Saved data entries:
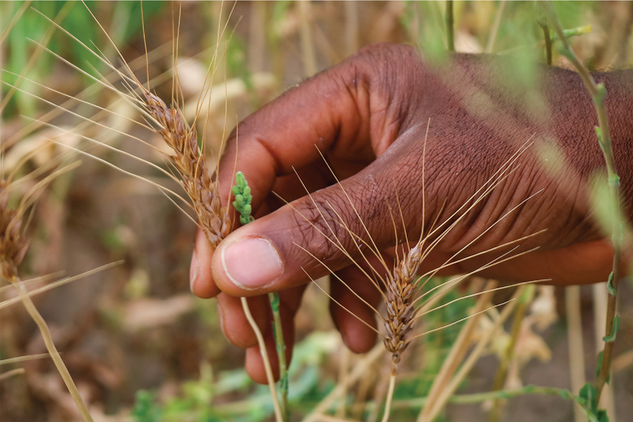 Improving organic wheat yield—the increase in demand for organic grains has prompted farmers to seek ways to ensure higher and consistent wheat yields. A graduate student examines a wheat grain in a dryland organic wheat field for harvest.
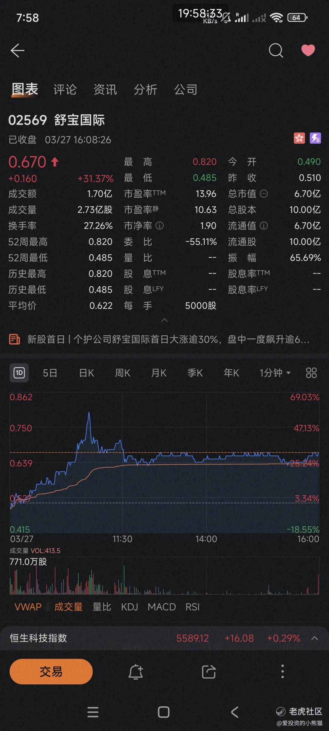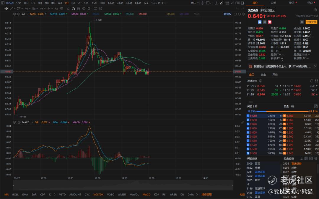 $舒宝国际(02569)$ 今日上市以0.49港元低开,下探到0.485港元后,立马震荡上行,截止中午收盘价为0.64港元,上涨25.49%,最高价0.82港元,涨幅最高冲至60%
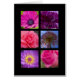 Leere Gruß-Karte, die eine Fotocollage von sechs rosa und lila Blumen kennzeichnet.
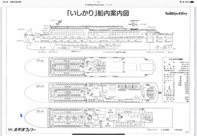 帰路は太平洋フェリーです。
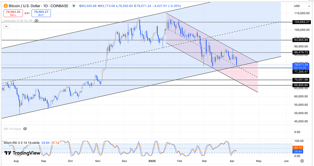 Today, I decided to re-draw the parallel channel for BTC as I noticed that I have a tendancy to put a bullish parallel channel on bearish price action (I did the same thing when analysing the US10Y).
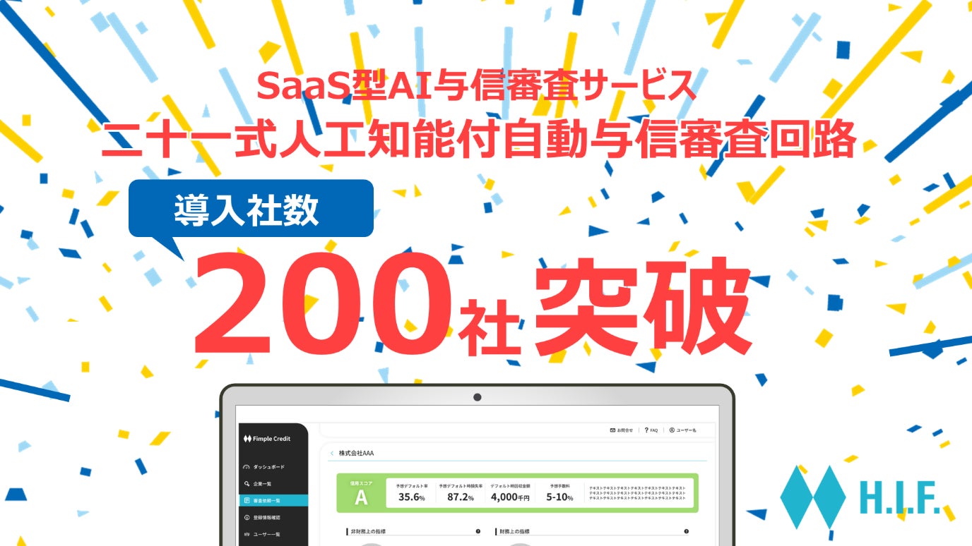SaaS型のAI定性与信審査サービス『二十一式人工知能付自動与信審査回路』導入社数200件突破
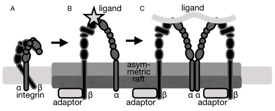 In addition to native ligands, the bilayer asymmetry also influences the sequestration of integrins in raft-mimicking liquid mixtures [123,124]. The bilayer asymmetry dependency during integrin sequestration demonstrates the significance in the different lipid packing and bilayer thickness between liquid-ordered and liquid-disordered domains. As discussed above, cholesterol might regulate integrin distribution by changing the bilayer thickness and lipid packing densities in liquid-ordered and liquid-disordered domains. The cholesterol-mediated integrin sequestration is due to the bilayer thickness of coexisting liquid-ordered and liquid-disordered domains, whereby cholesterol might regulate the distribution of integrin αVβ3 by altering the bilayer thickness and lipid packing densities of the liquid-disordered and liquid-ordered domains [113].
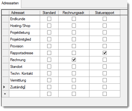 Erfasst)Archiv)Analog dem Status können verschiedene Typen von Adressen dem Projekt zugeordnet werden. Der Adresstyp wird dabei durch eine Adressart definiert. Bitte erfassen Sie mindestens folgende Adressarten im Menupunkt Projektverwaltung, Adressarten:
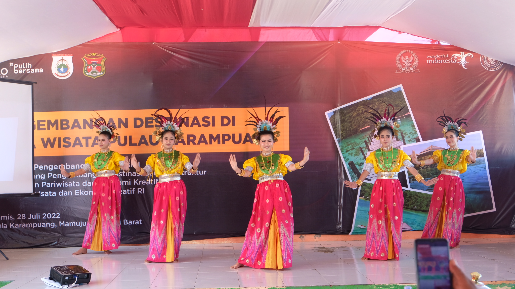 Kegiatan Desa Wisata Pulau Karampuang ini dimeriahkan dengan Pementasan Seni Tari “Paindo Diliutang” oleh Sanggar Tari Dewan Kesenian dan Kebudayaan Mamuju (DKKM) diiringi oleh Tim Music DKMM. Menjadi peserta dalam kegiatan ini adalah kelompok masyarakat dan pelaku pariwisata yang bertujuan meningkatkan kapasitas sumber daya manusia dalam pelayanan di Desa Wisata Karampuang.
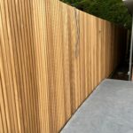 - Thermo Ayous schutting, planken verticaal bevestigd tegen hardhouten constructie
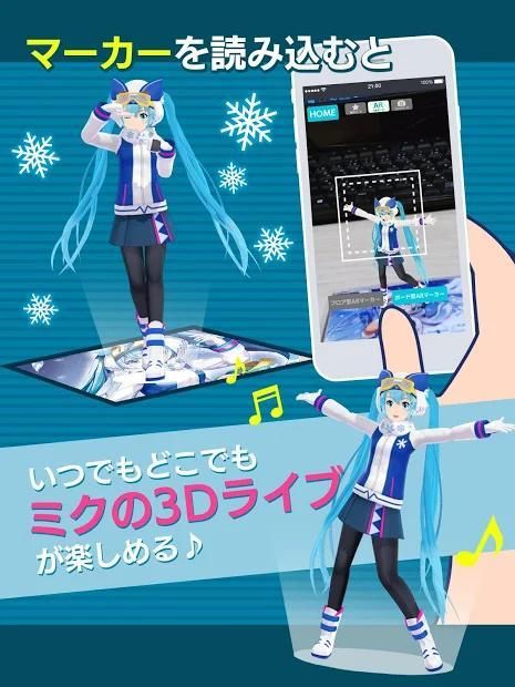 "HATSUNE MIKU AR" is an application which you can watch various images/movies such as Hatsune Miku's 3D virtual concert, using AR markers set in various places.
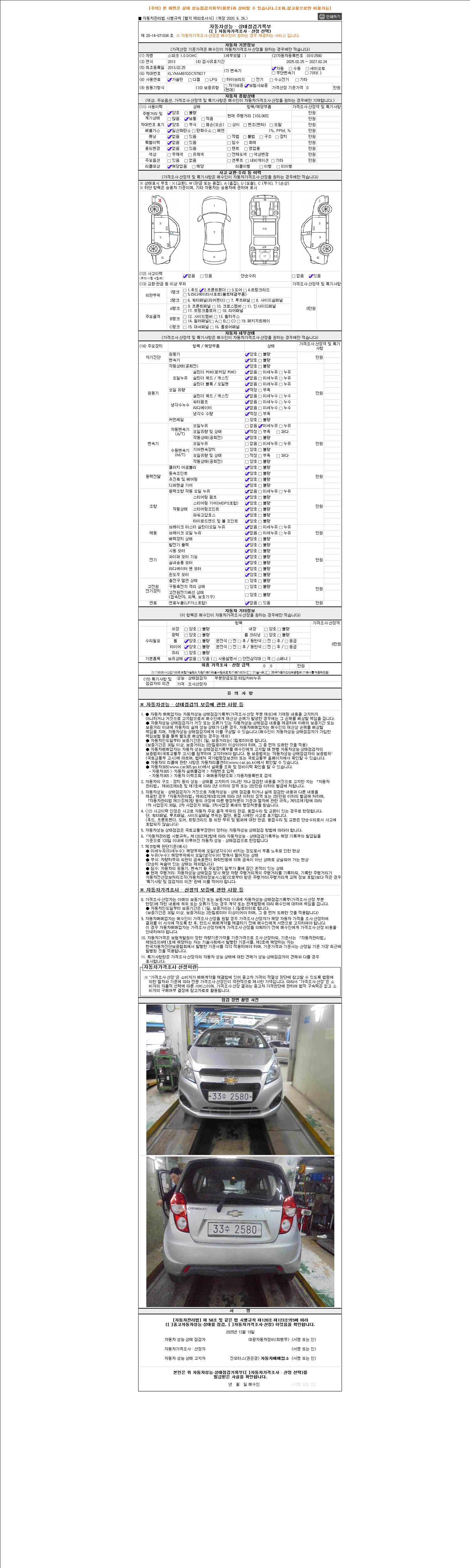 자동차관리법 시행규칙 제120조의 규정에 따라 별지 제 82호서식 《중고자동차 성능, 상태점검 기록부》를 발행한 성능, 상태점검자 및 매매자는 아래의 보증기간 또는 보증거리 이내의 중고자동차, 성능점검 기록부에 기재된 내용과 자동차의 실제 성능, 상태가 다른 경우 계약 또는 관계법령에 따라 매수인에 대하여 책임을 집니다.

**What this task involves:**
Copy every line above exactly; images stay out.

**Task output:**
 Improving organic wheat yield—the increase in demand for organic grains has prompted farmers to seek ways to ensure higher and consistent wheat yields. A graduate student examines a wheat grain in a dryland organic wheat field for harvest.
 $舒宝国际(02569)$ 今日上市以0.49港元低开,下探到0.485港元后,立马震荡上行,截止中午收盘价为0.64港元,上涨25.49%,最高价0.82港元,涨幅最高冲至60%
 Leere Gruß-Karte, die eine Fotocollage von sechs rosa und lila Blumen kennzeichnet.
 帰路は太平洋フェリーです。
 Today, I decided to re-draw the parallel channel for BTC as I noticed that I have a tendancy to put a bullish parallel channel on bearish price action (I did the same thing when analysing the US10Y).
SaaS型のAI定性与信審査サービス『二十一式人工知能付自動与信審査回路』導入社数200件突破
 In addition to native ligands, the bilayer asymmetry also influences the sequestration of integrins in raft-mimicking liquid mixtures [123,124]. The bilayer asymmetry dependency during integrin sequestration demonstrates the significance in the different lipid packing and bilayer thickness between liquid-ordered and liquid-disordered domains. As discussed above, cholesterol might regulate integrin distribution by changing the bilayer thickness and lipid packing densities in liquid-ordered and liquid-disordered domains. The cholesterol-mediated integrin sequestration is due to the bilayer thickness of coexisting liquid-ordered and liquid-disordered domains, whereby cholesterol might regulate the distribution of integrin αVβ3 by altering the bilayer thickness and lipid packing densities of the liquid-disordered and liquid-ordered domains [113].
 Erfasst)Archiv)Analog dem Status können verschiedene Typen von Adressen dem Projekt zugeordnet werden. Der Adresstyp wird dabei durch eine Adressart definiert. Bitte erfassen Sie mindestens folgende Adressarten im Menupunkt Projektverwaltung, Adressarten:
 Kegiatan Desa Wisata Pulau Karampuang ini dimeriahkan dengan Pementasan Seni Tari “Paindo Diliutang” oleh Sanggar Tari Dewan Kesenian dan Kebudayaan Mamuju (DKKM) diiringi oleh Tim Music DKMM. Menjadi peserta dalam kegiatan ini adalah kelompok masyarakat dan pelaku pariwisata yang bertujuan meningkatkan kapasitas sumber daya manusia dalam pelayanan di Desa Wisata Karampuang.
 - Thermo Ayous schutting, planken verticaal bevestigd tegen hardhouten constructie
 "HATSUNE MIKU AR" is an application which you can watch various images/movies such as Hatsune Miku's 3D virtual concert, using AR markers set in various places.
 자동차관리법 시행규칙 제120조의 규정에 따라 별지 제 82호서식 《중고자동차 성능, 상태점검 기록부》를 발행한 성능, 상태점검자 및 매매자는 아래의 보증기간 또는 보증거리 이내의 중고자동차, 성능점검 기록부에 기재된 내용과 자동차의 실제 성능, 상태가 다른 경우 계약 또는 관계법령에 따라 매수인에 대하여 책임을 집니다.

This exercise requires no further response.